Symptoms that suggest that a headache may be migraine include:

• Multiple headaches of moderate-to-severe intensity, lasting from hours to days
• Unilateral, throbbing quality
• Photophobia, phonophobia
• Nausea/vomiting
• Aggravation of headache by activity
• Autonomic features such as rhinorrhea or congestion, tearing, changes in pupil size, and others (these occur occasionally, not routinely)⁴
• Pain sensation with normal stimuli (cutaneous allodynia)
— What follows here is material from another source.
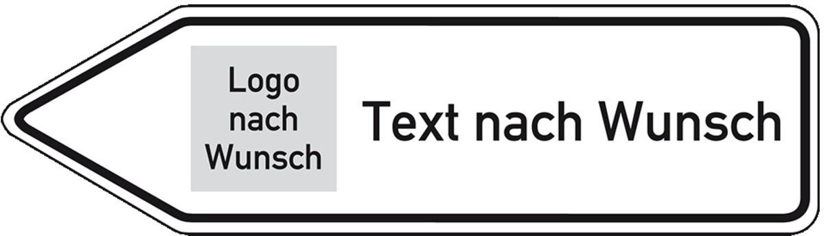 Auswahl: Wegweiser linksweisend, Text nach Wunsch.rechts/Logo nach Wunsch.links, Aluminium Typ0, 1400x350mm

Triggers include stress, menses, oral contraception, overexertion, sleep deprivation, fasting, head trauma, bright lights, changes in weather, changes in eating or sleeping schedules, and substances in food or beverages, such as nitrites, glutamate, aspartate, and tyramine. Other identified triggers are excessive vitamin A intake, histamine, corticosteroid withdrawal, caffeine or analgesic withdrawal, and strong odors.⁵ Triggers may act as vasodilators^2,6 or through allergic reactions.^7,8

Risk Factors

Up to 60% of migraine cases are familial, with specific gene abnormalities in some cases. Women are affected about 3 times more often than men.⁹ Persons with right-to-left cardiac shunts (patent foramen ovale, and atrial septal defect to a lesser degree) have increased migraine prevalence,^10-12 for unknown reason.

Diagnosis and Treatment

Diagnosis

Migraine is a clinical diagnosis. Neuroimaging is only necessary if another possible etiology is suspected. Providers may consider a CT scan and lumbar puncture for patients with rapid onset of severe headache (to rule out subarachnoid hemorrhage), focal neurologic signs, gait instability, or other migraine-inconsistent findings.

Migraine without aura

A clinical diagnosis of migraine is indicated for patients who experience 5 or more episodes fulfilling the following criteria:

• Duration of 4 to 72 hours.
• Two or more of the following: unilateral location, pulsating quality, moderate or severe intensity, aggravation by routine physical activity.
• One or more of the following: nausea/vomiting, photo/phonophobia.
• Headache not attributed to another disorder.

Migraine with aura   

The following criteria establish the clinical diagnosis of migraine with aura:

• Aura consisting of one or more of the following, and without motor weakness: fully reversible visual symptoms, fully reversible sensory symptoms, or fully reversible speech disturbance.
• Two or more of the following: homonymous (same field defect in both eyes) visual symptoms or unilateral sensory symptoms, at least one aura developing gradually over 5 minutes or different auras developing in succession over at least 5 minutes, or each aura lasting between 5 to 60 minutes
• Two episodes fulfilling above criteria with migraine headaches beginning within 1 hour of the aura(s)
• Headache not attributed to any other disorder

Treatment

Prevention is the mainstay of migraine therapy. The patient will benefit from avoiding situations that trigger or exacerbate migraines-for example, by maintaining appropriate sleep patterns, avoiding fasting and trigger foods, and participating in stress management. It should be kept in mind that absorption of oral medicines may be decreased due to migraine-induced gastric stasis.

Abortive therapy

Abortive therapies are more effective when given early, and in larger appropriate doses, although frequent use (more than 10 times per month) can lead to medication-overuse headaches. All short-acting analgesic medications can result in these headaches (also called analgesic rebound headaches or transformed migraine). Non-oral drugs-suppository, intramuscular, or intravenous-may work better for the many patients who suffer from nausea and vomiting during episodes. The following agents are commonly used:

Analgesics. Aspirin, other NSAIDs including indomethacin, and acetaminophen. Chronic use can lead to overuse headaches.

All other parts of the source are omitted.